2000
#11,937
National surname rank
First available Census row
Derived from a place name or direction, referring to someone who lived to the east of a settlement.
According to the 2020 US Census Bureau surname tables, roughly 2,619 Americans carry the last name Easterly. That puts it at #12,879 in the national surname ranking, appearing at a frequency of 0.76 per 100,000 people (about 1 in 130,872 residents).

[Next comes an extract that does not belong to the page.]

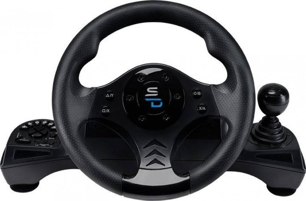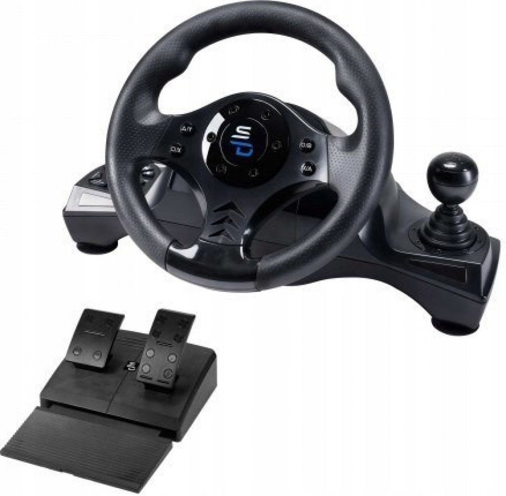 Set SUPERDRIVE GS750 obsahuje vše pro komplexní řízení virtuálního vozu. Tato sada obsahuje volant, pedály a řadicí páku, abyste dosáhli maximálně autentického zážitku ze řízení vozu. Volant disponuje 270° úhly otáčení, díky čemuž se přizpůsobí každému jízdnímu stylu. Nezáleží na tom, jestli jedete střídmě a na jistotu, nebo se snažíte prchnout před policií. Nastavitelné úrovně citlivosti vám umožní hrát v arkádovém stylu i v plné simulaci. Základna je na spodní straně vybavena přísavkami, díky čemuž volant s řadicí pákou pevně drží na svém místě.
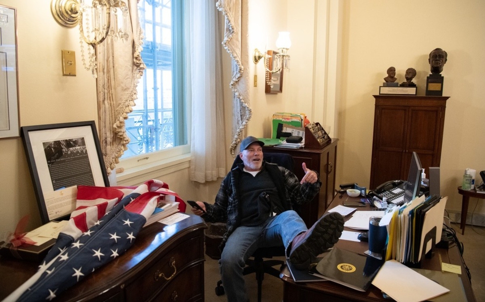 Richard “Bigo” Barnett, uno de quienes irrumpieron en el Capitolio, fue detenido este viernes, informó el Departamento de Justicia de Estados Unidos. El hombre de 60 años fue fotografiado en la oficina de Nancy Pelosi, presidenta de la Cámara de Representantes, sentado en una silla y con la pierna izquierda arriba del escritorio de la demócrata.

This page is the full Name Census profile for the Easterly surname. You will find the Census Bureau frequency data, a multi-census history view, an ancestry and ethnicity breakdown based on self-reported demographics, the name's meaning and origin where available, and answers to the most common questions people ask about this surname.
Bearers in the US
2.6K
1 in 130,872
Census rank
#12,879
2020 decennial data
Per 100,000
0.8
Frequency rate
Recorded bearers
2.3K
rare in the US
Popularity narrative
The Census Bureau recorded 2,284 bearers of the surname Easterly in its 2020 decennial surname file. At a rate of 0.76 per 100,000 residents, it holds the 12879th position in the national surname ranking.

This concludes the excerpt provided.